Not long ago someone asked in the Forums about a hook point so he could run some custom logic whenever a new page was created. As I recall he wanted to put some default content starter onto each new page to make it easy for his user to just click edit instead of having to add a feature instance to the page. He was going to customize the mojoPortal code and of course I always recommend against doing this, because as soon as you fork the code you make  it very difficult to ever upgrade your mojoPortal installation. Its always best if your custom code can be in external projects, so I implemeted a provider model to allow you to plugin your own custom handler from your own external project.

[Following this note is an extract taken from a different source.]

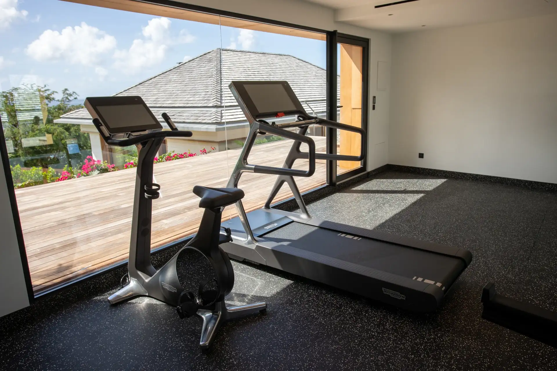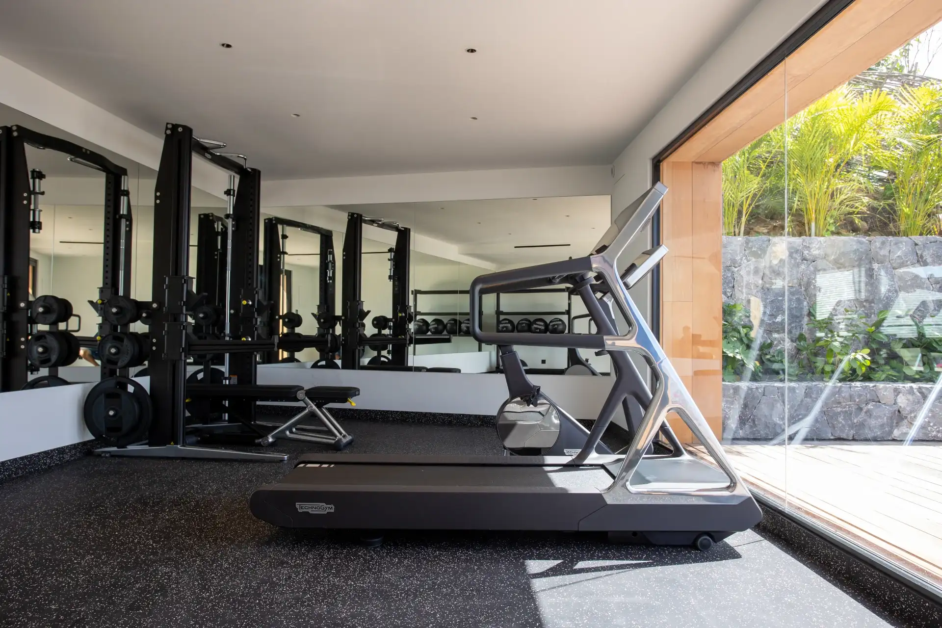 Completing this exceptional offering, Villa Sel features a fully-equipped fitness room with specialized shock-absorbing flooring for optimal comfort. The garage itself is a remarkable architectural feature, equipped with a 360-degree rotating platform for effortless maneuvering, as well as an elevator providing direct access to the main living level. An elegant stone staircase also leads to the terrace, gradually unveiling a spectacular ocean panorama.

To create your handler, you can copy this "DoNothing" handler and change the class name and namespace and add in your implementation logic.

using System;
using System.Configuration.Provider;
using System.Collections.Generic;
using System.Text;
using mojoPortal.Business;
using log4net;

namespace mojoPortal.Business.WebHelpers.PageEventHandlers
{
	public class DoNothingPageCreatedEventHandler : PageCreatedEventHandlerPovider
	{
		private static readonly ILog log = LogManager.GetLogger(typeof(DoNothingPageCreatedEventHandler));

		public DoNothingPageCreatedEventHandler()
		{ }

		public override void PageCreatedHandler(object sender, PageCreatedEventArgs e)
		{
			if (sender == null)
			{
				return;
			}

			PageSettings page = sender as PageSettings;

			// do nothing
			log.Debug("DoNothingPageCreatedEventHandler handled PageCreated event for " + page.PageName);
		}
	}
}

Next you have to create a config file so that mojoPortal knows about your handler. I recommend you create the config file in your external project and use a post build event to copy it to the Web project where it is needed. It should go in your UI project (if you have 3 tiers), under /Setup/ProviderConfig/pagecreatedeventhandlers, and your post build event should copy it from there to Web/Setup/ProviderConfig/pagecreatedeventhandlers

The syntax for the config file is very simple:

<?xml version="1.0" encoding="utf-8" ?>
<PageCreatedEventHandlers>
    <providers>
        <add
            name="YourCustomClassName"
            type="YourCustomNamespace.YourCustomClassName, YourCustomAssemblyName"
            description="your description here"
        />
    </providers>
</PageCreatedEventHandlers>

Note that YourCustomAssemblyName is the name of the dll containing your custom class, but without the .dll extension.